The only purpose of the search bar was to “enhance browser experience” and things like that (yes, really).

Oh great, a search toolbar!

.. said nobody. Ever.

Do you have a search bar installed on your PC ? I mean, you have a browser, and you decide to install an additional bar to… search for things. Like with the regular bar.

No, I suppose. Me, neither. Nobody does. Even your grandma.

So, what’s the point ?

  • each time the search bar is installed by your bundled application, you get some revenue
  • each time the user is using the search bar, the search is redirected to some kind of second-zone search site loaded with ads (and crap)
  • ads do generate revenue, fueling the system

Great, isn’t it ?

Hell no, this is crapware!

Adware, spyware, crapware. Yes.

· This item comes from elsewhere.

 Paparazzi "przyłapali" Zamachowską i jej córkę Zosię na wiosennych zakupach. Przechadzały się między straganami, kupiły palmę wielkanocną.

And this was my first reaction, and then I politely declined.

But you can opt-out your users during install!

Oh great. So each time a user install the program and does not carefully look at the checkbox enabled by default, he’s going to install the bar. This is the kind of thing which infuriates me.

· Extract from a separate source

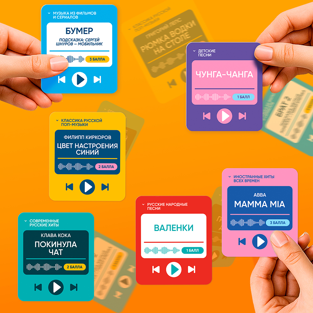 Мы адаптируем механику под вашу компанию: разместим ваш логотип на обратной стороне всех игровых карточек, создадим уникальные категории песен, отражающих специфику вашей компании, индустрии или даже внутренние корпоративные «мемы», включим эксклюзивное сообщение, поздравления или благодарности от руководства компании, оформим буклет с правилами игры в вашем корпоративном стиле, интегрируем отсылки к корпоративным ценностям, шуткам или достижениям, делающих правила игры еще более интересными. Нанесем ваш логотип, слоган или уникального идентификатор на каждом инструменте казу. Это обеспечивает прямую и постоянную видимость бренда во время каждого использования.

But you can opt-in your users during install, too!

I was still skeptical, but why not, after all ? People installing the program by clicking “next-next” will not be harmed. And after all, this is just a search bar, isn’t it ?

Pact With The Devil

Well, no, this is wrong. So wrong.

First, if you take look at the reputation of all these companies, you’ll be horrified. Endless list of users trying to remove the infamous search bar, trying to figure out why they caught this virus, why they have pornographic pop-ups everywhere, etc.

Second, nobody will install this component opt-in.

More precisely:

  • very few people will install the opt-in component, generating nearly no revenue at all
  • people who trust you will do – and will be betrayed, and will hate you, and it will harm your reputation

What’s the point in allowing opt-in for these companies, by the way, is it does not generate any real revenue ?

The bleak truth is that in this case they are not providing you a marginal revenue. They are using your reputation to cover their bad one.

And this is the last reason why you should never, ever, make a deal with these people: as a developer, you have a reputation. You built something great (with few bugs, possibly) and you have a large user base trusting you. Do not betray them.

Oh, And One More Thing

Unfortunately, some über-jerks found an even better solution: bundle your application without telling you, and put it on their smelly download site.

The consequences are extremely annoying

  • users complaining that httrack contains trojans
  • users who are reluctant in trusting httrack because of the bad PR
  • more generally, bad PR for “free” softwares (are they even safe ?)

That is why I recently decided to start signing the Windows installer version, with an official trusted SSL key (registered to Xavier Roche). I will probably do the same for the program DLL’s soon. By the way, on Debian platforms, I have been signing the sources from the beginning, and this is a very good practice.

TL;DR: Search bars are crap, and you should always download programs on trusted sites.